The current guaiac FOBT has poor selectivity for CRC, therefore, it would be interesting to repeat this experiment once the FIT is introduced for UK bowel screening. It has both superior sensitivity and specificity compared to the current FOBT. Combining VOC detection with FIT as a two-stage test in the asymptomatic population that forms the basis of a decision-making algorithm for further investigations, is an area of interest that may hold the most potential in the field of VOC diagnostics in CRC [41], rather than the use of VOC detection as a stand alone test. Further research could also test this algorithm (FIT plus urinary VOC profile) in the symptomatic population, where risk stratification is extremely difficult based on symptoms alone.

A limitation of this study was the small sample size for the CRC group, but this reflects the nature of the screening population with low CRC detection rates of around 8%. Machine learning algorithms that were used to analyse both sets of date always risk the possibility of overfitting of the data.
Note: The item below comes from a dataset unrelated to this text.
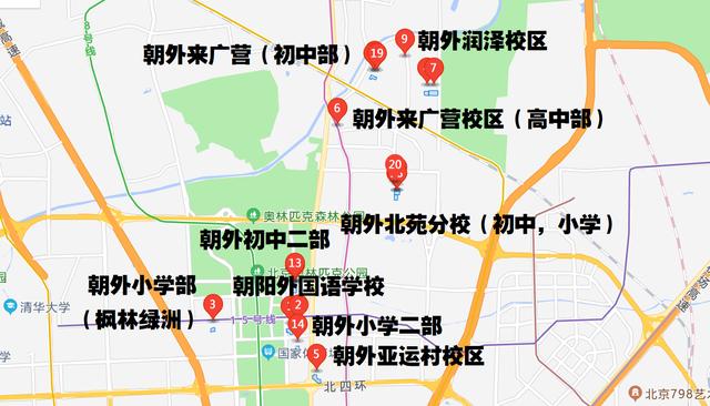 其实分校只需要介绍朝来分校和北苑分校,因为这两个是直接收编或者天高皇帝远无法得到朝外精髓光芒照耀的。对于统称为总校区的几个亚运村,豹房,慧忠里,枫林绿洲等校区基本上都是可以看成是嫡系校区了。

This was minimised using a cross-validation technique and using two different technologies.

Conclusions

Our results indicate detection of CRC and adenomas through urinary VOCs within a screening population is feasible. CRC can be correctly classified from control and adenomas using FAIMS and GC–IMS, but the classification of adenomas from control was poor. This approach to disease detection faces multiple challenges, that reflect the complexity of human disease and it is likely biomarker-led disease detection will require a panel of markers rather than focus on one specific marker in the screening population.